**What the task asks**
Retype the listing exactly, minus its pictures.

**Dataset excerpt**
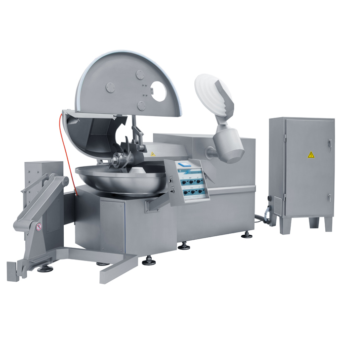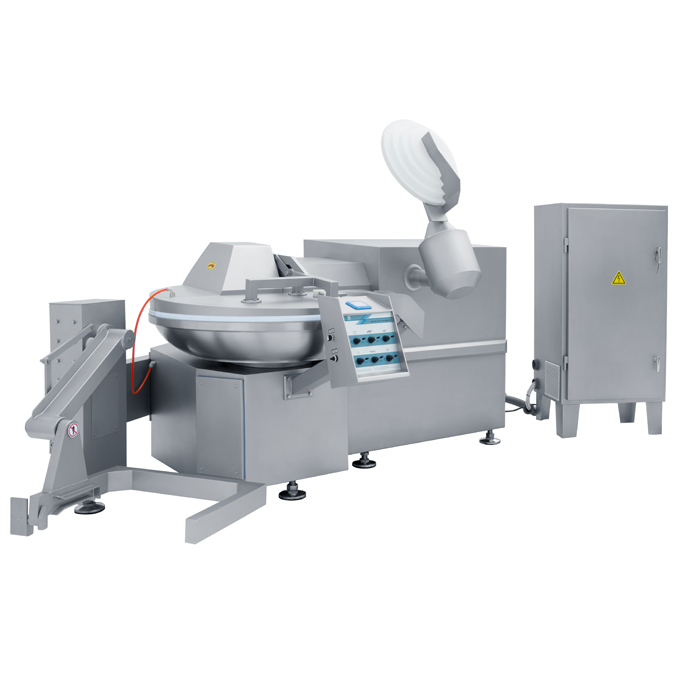 斬鍋由電機(jī)通過(guò)減速機(jī)低速旋轉(zhuǎn),不斷向刀組送料。刀軸由雙速電機(jī)(或變頻電機(jī))經(jīng)皮帶帶動(dòng)高速旋轉(zhuǎn)。原料在斬鍋中作螺旋式運(yùn)動(dòng)的同時(shí),被刀組攪拌和切碎并排除肉糜中的空氣,由于切刀的高速斬切,減少了產(chǎn)品的液汁分離率,保證了乳化效果,增強(qiáng)了產(chǎn)品的彈性和細(xì)膩度。
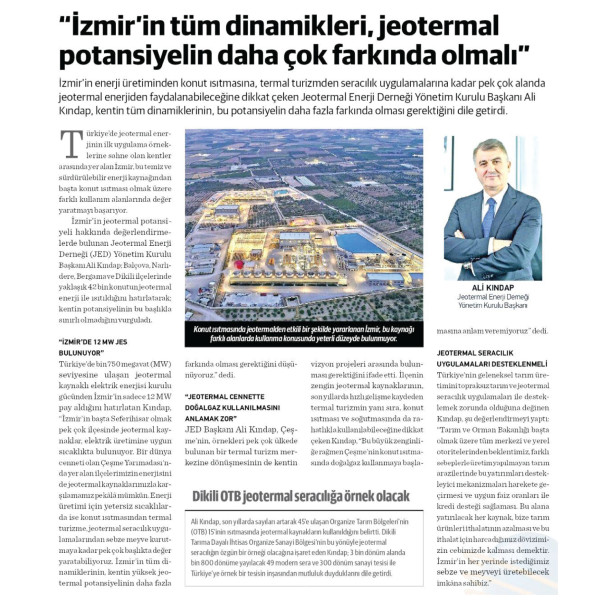 "ANADOLU COĞRAFYASI JEOTERMAL CENNETİDİR.." 09.08.2023 / EGE TELGRAF GAZETESİ
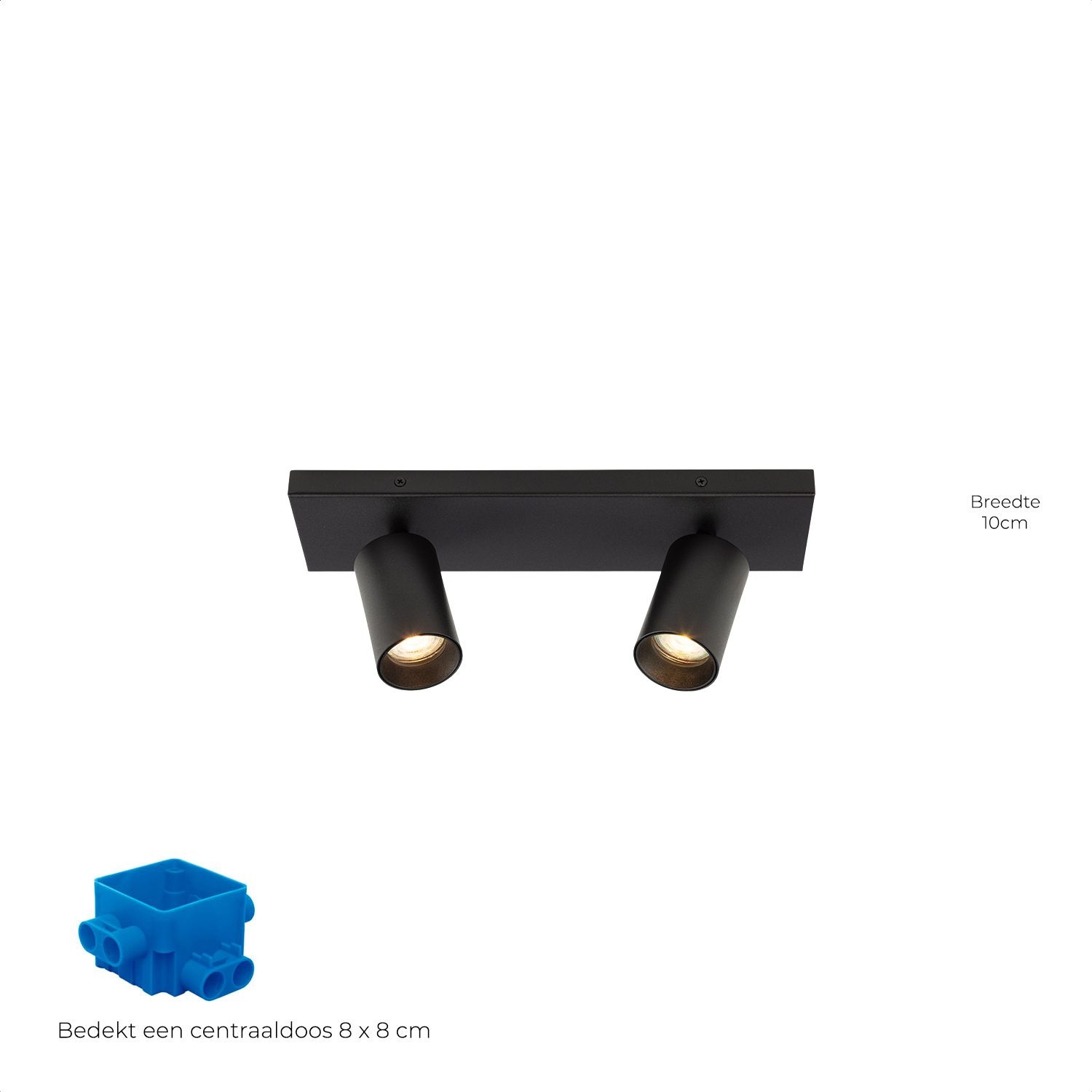 Plafondspot Elmont 2 Zwart - Brede montageplaat 10cm

**Solution to this problem**
 斬鍋由電機(jī)通過(guò)減速機(jī)低速旋轉(zhuǎn),不斷向刀組送料。刀軸由雙速電機(jī)(或變頻電機(jī))經(jīng)皮帶帶動(dòng)高速旋轉(zhuǎn)。原料在斬鍋中作螺旋式運(yùn)動(dòng)的同時(shí),被刀組攪拌和切碎并排除肉糜中的空氣,由于切刀的高速斬切,減少了產(chǎn)品的液汁分離率,保證了乳化效果,增強(qiáng)了產(chǎn)品的彈性和細(xì)膩度。
 "ANADOLU COĞRAFYASI JEOTERMAL CENNETİDİR.." 09.08.2023 / EGE TELGRAF GAZETESİ
 Plafondspot Elmont 2 Zwart - Brede montageplaat 10cm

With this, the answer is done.